As much as 18 inches of snow is expected from portions of extreme northwestern North Carolina and the northeastern tip of Tennessee all the way to western Maine and southeastern Québec through Monday, January 17, 2022 for cities such as Buffalo, Roanoke, Erie Québec, and Syracuse — up to as much as 40 inches of snow can possibly fall in higher elevations and local areas — while up to a foot of snow is forecast from central North Dakota and the southwestern tip of North Carolina all the way to eastern Québec and the northwestern tip of New Brunswick for cities such as Montréal, Des Moines, Harrisburg, Burlington, Pittsburgh, Charleston, Fargo, and Albany; and up to six inches of snow is predicted from eastern Saskatchewan, extreme northeastern Georgia, and northern Tennessee all the way to eastern Québec and much of New Brunswick, which includes cities such as Baltimore, Saint Louis, Saint Paul, Knoxville, Manchester, Cincinnati, Worcester, Kansas City, Nashville, Asheville, Omaha, Portland, Minneapolis, and the District of Columbia.

Cities such as New York, Charlotte, Wilmington, Atlanta, Boston, Little Rock, Philadelphia, Richmond, Providence, Toronto, and Hartford can possibly experience being covered with up to three inches of snow.

Additionally, an ice storm is possible from Atlanta to the District of Columbia, with significant ice possible in cities such as Greenville, Durham, Charlotte, Raleigh, and Spartanburg. Ice is typically caused by freezing rain, when rain falls and freezes after it reaches the ground.

Thunderstorms and rain will be prevalent in the southeastern United States and include such cities as Pensacola, Mobile, Tallahassee, Tampa, Savannah, and Jacksonville.

Peak wind gusts of up to 70 miles per hour are expected in the southern half of Nova Scotia; up to 60 miles per hour along much of the Atlantic coasts of Canada and the United States; and up to 50 miles per hour from extreme northeastern Florida all the way to Prince Edward Island and as far west as eastern Tennessee.

Shelves in many supermarkets in the greater Atlanta metropolitan area were reportedly already bare in anticipation of the winter storm, as people remember when a winter storm paralyzed the region back on Wednesday, January 29, 2014 — and people whose trips would normally 20 minutes consumed greater than eight hours to complete on that day.

The unusually cold winter weather is only adding to the tens of thousands of cancellations and delays of flights which have been plaguing airlines in the United States since Christmas Eve on Friday, December 24, 2021.

Flight Waivers, Delays and Cancellations

If you are traveling to or from the eastern half of the United States and southeastern Canada over the next few days or so, expect delays and cancellations of flights. Keep up to date on the latest information pertaining to this winter weather system which may adversely affect your travel plans. Better yet, postponing or canceling your trip might be a better option — no matter which mode of travel you plan on taking.

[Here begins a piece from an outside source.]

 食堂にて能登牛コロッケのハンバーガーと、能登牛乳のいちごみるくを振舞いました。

If you have a flight scheduled, your flight may be delayed or canceled — and you may be eligible for a waiver of a fee to change your itinerary.

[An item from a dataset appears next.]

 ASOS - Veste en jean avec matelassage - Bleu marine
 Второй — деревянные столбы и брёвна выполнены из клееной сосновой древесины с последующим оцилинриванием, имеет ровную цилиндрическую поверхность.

Here are nine airlines which have issued travel alerts as a result of this weather system:

Final Boarding Call

Expect the cancellations or delays of flights to continue in general until further notice.

Be sure to contact your airline or transportation provider for the latest information pertaining to your travels — if they are adversely affected — and please: travel safely.

Photograph ©2011 by Brian Cohen.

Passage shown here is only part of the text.